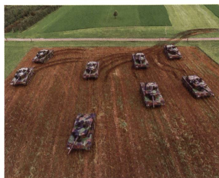
Tiefe Spuren. Dennoch kein Schaden: Das Stoppelfeld war speziell gemäht!

Wie das VBS mitteilt, wuchsen 2016 die Kosten für Land- und Sachschäden an: «Die Kosten von Land- und Sachschäden stieg auf 2,8 Millionen (2015: 1,9 Mio).
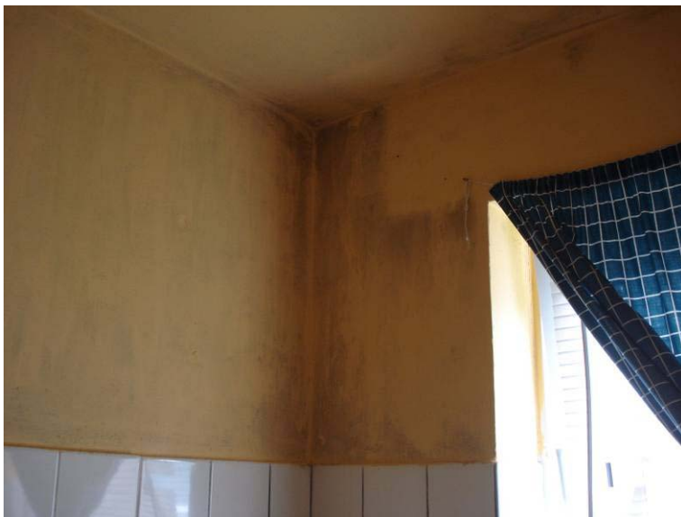
Vochtplek badkamer (linkerhoek)
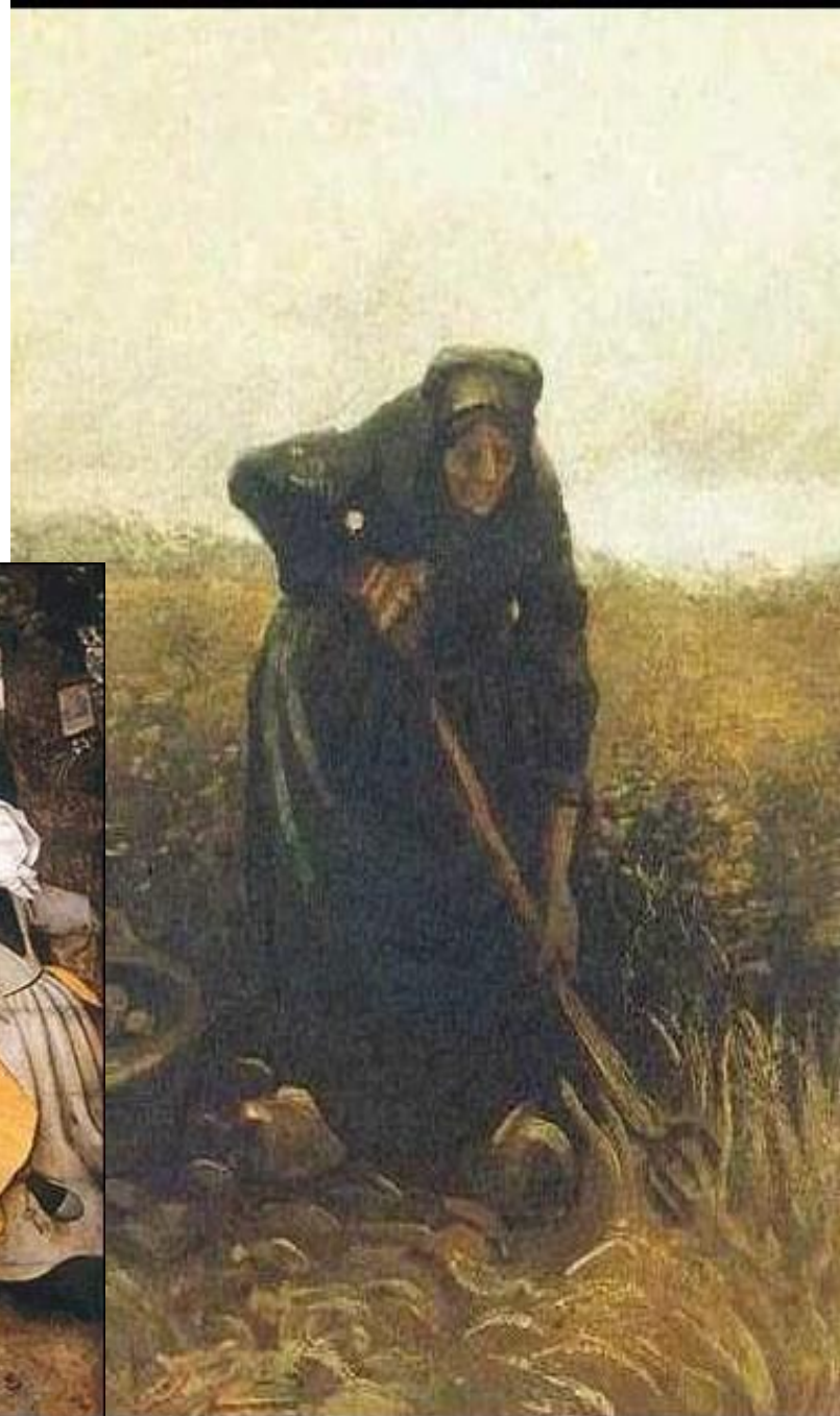
Крестьянка, копающая картошку
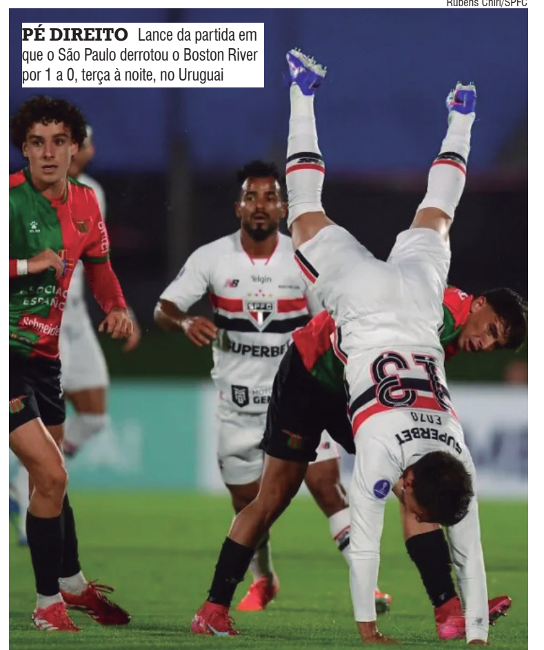
PÉ DIREITO Lance da partida em que o São Paulo derrotou o Boston River por 1 a 0, terça à noite, no Uruguai

No torneio nacional, a equipe são-paulina é vice-líder com 20 pontos, cinco a menos que o Palmeiras. O próximo compromisso será contra o Vitória, pela 11ª rodada, neste sábado, às 16h30, no estádio Barradão, em Salvador.
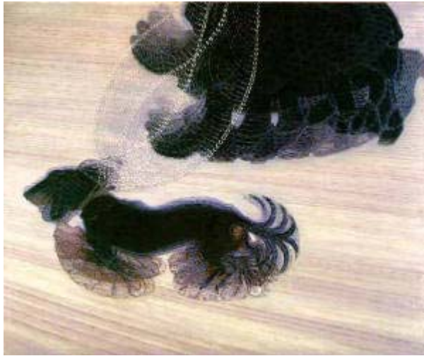
Giacomo Balla, Dynamism of a Dog on a Leash , 1912
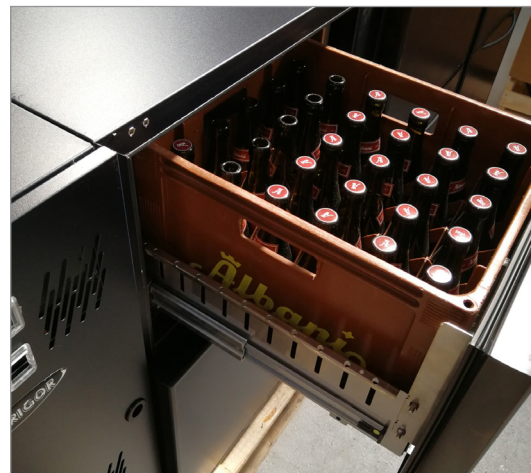
Skuffe for dansk ølkasse. Skuffen er forsynet med stabile teleskop-skiner med fuldt udtræk, så håndteringen af ølkasserne lettes.

Kompressorsektionen er forsynet med en hængslet låge, så det er let at tilgå kompressor og kondensator – ved den periodiske rensning. Styring og on/off knap er placeret bag et gennemsigtigt cover øverst på døren. Denne placering beskytter delene mod fugt og forlænger levetiden.

EXERCISE INSTRUCTIONS: Repeat word for word the lines above, from the first entry through the line containing "PÉ DIREITO Lance", with both ends kept and the pictures dropped.

RESPONSE AREA:
Tiefe Spuren. Dennoch kein Schaden: Das Stoppelfeld war speziell gemäht!

Wie das VBS mitteilt, wuchsen 2016 die Kosten für Land- und Sachschäden an: «Die Kosten von Land- und Sachschäden stieg auf 2,8 Millionen (2015: 1,9 Mio).
Vochtplek badkamer (linkerhoek)
Крестьянка, копающая картошку
PÉ DIREITO Lance da partida em que o São Paulo derrotou o Boston River por 1 a 0, terça à noite, no Uruguai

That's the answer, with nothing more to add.